Asking questions is an essential part of learning. If we don't know something, we look for someone who does and we ask. The only dumb question is the one you don't ask. We learn by asking questions about what we don't know.

While no question is a dumb question if it is designed to help you acquire knowledge or information which you don't currently have, there are questions which are the wrong questions to ask, and which, if asked, will actually prevent us from learning what we need to know.

We see two examples of these kinds of questions in our lessons this morning. In the prophecy of Zechariah, we're told that the people came to the prophet to ask a question. About 50 years earlier, in 587 B.C., the Babylonian empire had conquered Judea, destroying Jerusalem and the temple of God. The leading citizens were then carried off into exile. For the people who remained in the land of Palestine during the 70 years before the Exiles came back, the memory of the devastation of their holy city and the temple of God was a powerful political force uniting the people. Since the temple had been destroyed in the fifth month of the year and the governor of Jerusalem executed in the seventh month, every year thereafter, the people fasted and mourned during the fifth and seventh months. In this way, they based their lives on the memory of the destruction they had suffered in the past.

The question that the people come to the prophets to ask is this, "Now that 50 or so years have passed, and the Babylonians have been defeated by the Persians, should we continue to fast and mourn in the fifth and seventh months?" Now that sounds like a harmless enough question, doesn't it? They're a little confused by the change of administrations, and they're not quite sure of how to proceed. Change the words "Bablyonian" and "Persian" to "Republicans" and "Democrats," and suddenly the question seems surprisingly contemporary. But the answer they get from the prophet is not the answer they were expecting.

The answer to their question is itself a question -- from God! "Then the word of the Lord of hosts came to me: Say to all the people of the land and the priests: When you fasted and lamented in the fifth month and in the seventh, was it for me that you fasted? And when you eat and when you drink, do you not eat and drink only for yourselves?" (Zechariah 7:4-7).

Their question is a self-serving question. It does not arise out of a desire to know the truth, to gain knowledge of God's will, but out of a desire to get God's sanction on their own national pity-party. They want God to bless their long-nurtured resentments, to sanction their long-standing hatred of those who destroyed their temple and holy city. Every year, when they fast on the fifth and seventh months, they are, in effect, saying, "This is who we are: We're the people who were beaten up by the Babylonians. Now this new administration had come, and we're not sure we want to change. We've grown comfortable with our identity; we like our fasts and our mourning and our moaning about the good old days. Can't we keep on doing this?"

But God let them know in no uncertain terms that they had asked the wrong question. "Was it for me you fasted? No, you did it for yourselves.

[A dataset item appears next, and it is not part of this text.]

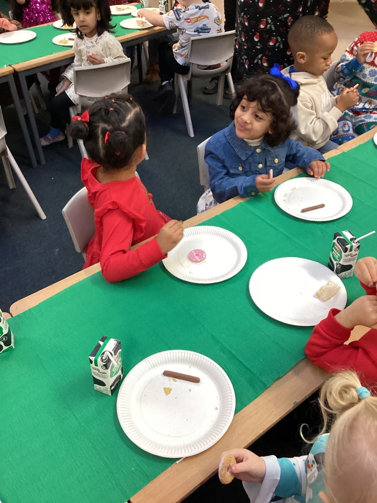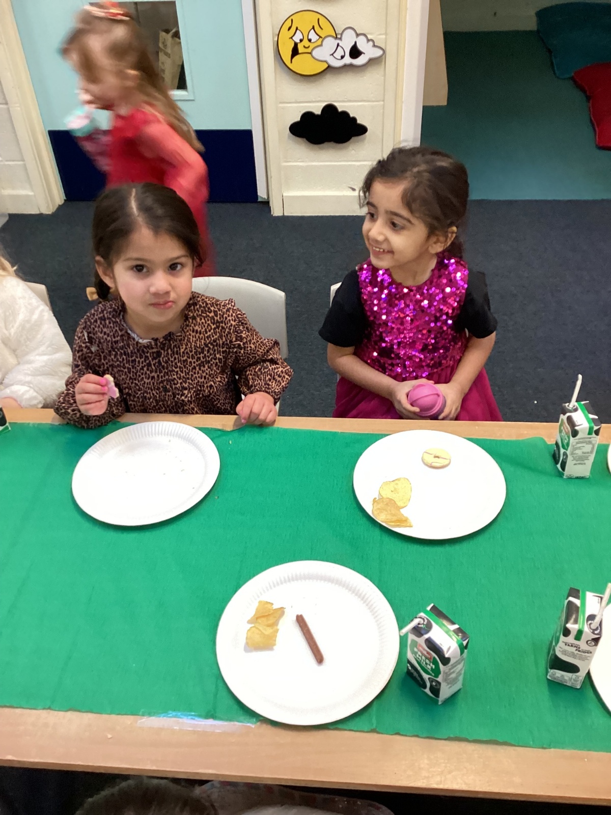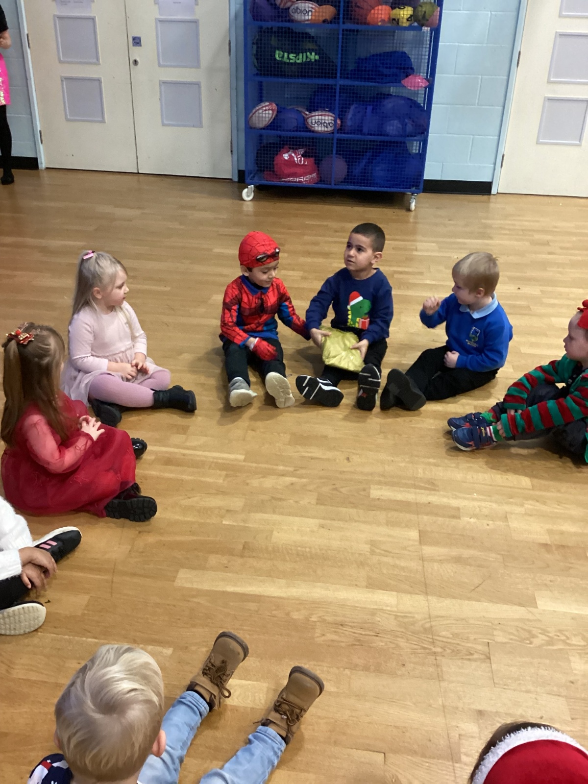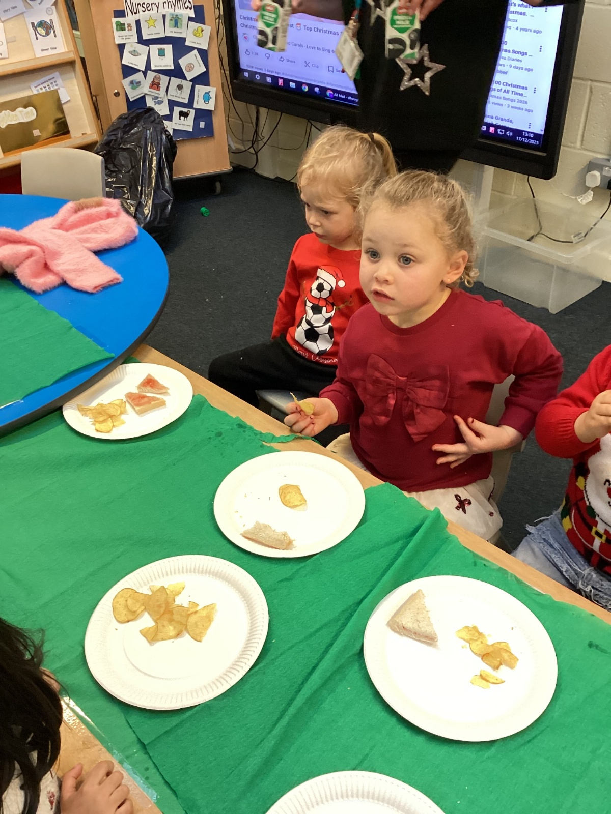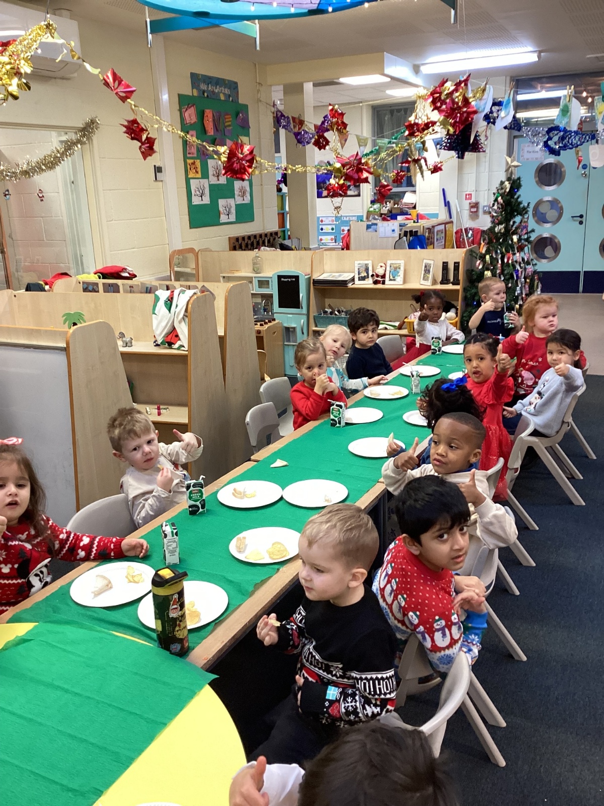 Yesterday was our Nursery Christmas Party and we had a fantastic day! We played pass the parcel, musical bumps and had a disco. We ate some party food all together. The best thing was a surprise visit from Father Christmas who brought us all a present while we were in the hall having fun! He made a bit of a mess in nursery with his snowy footprints, but the teachers didn't mind! What a fun time we had!

Your concern was not with what I require of you, but with your own agenda. Your religion is a religion designed to make yourself feel better, not a religion designed to please God and enable you to do what God requires. And then comes God's pointed commands about the sort of religion he's really interested in: "Render true judgments, show kindness and mercy to one another; do not oppress the widow, the orphan, the alien, or the poor; and do not devise evil in your hearts against one another" (Zechariah 7:9-10). The clear implication is that while they piously fasted and mourned to commemorate the oppression and injustice which they suffered at the hands of a foreign nation, they themselves practiced oppression within their own nation against all those who were without power or an advocate.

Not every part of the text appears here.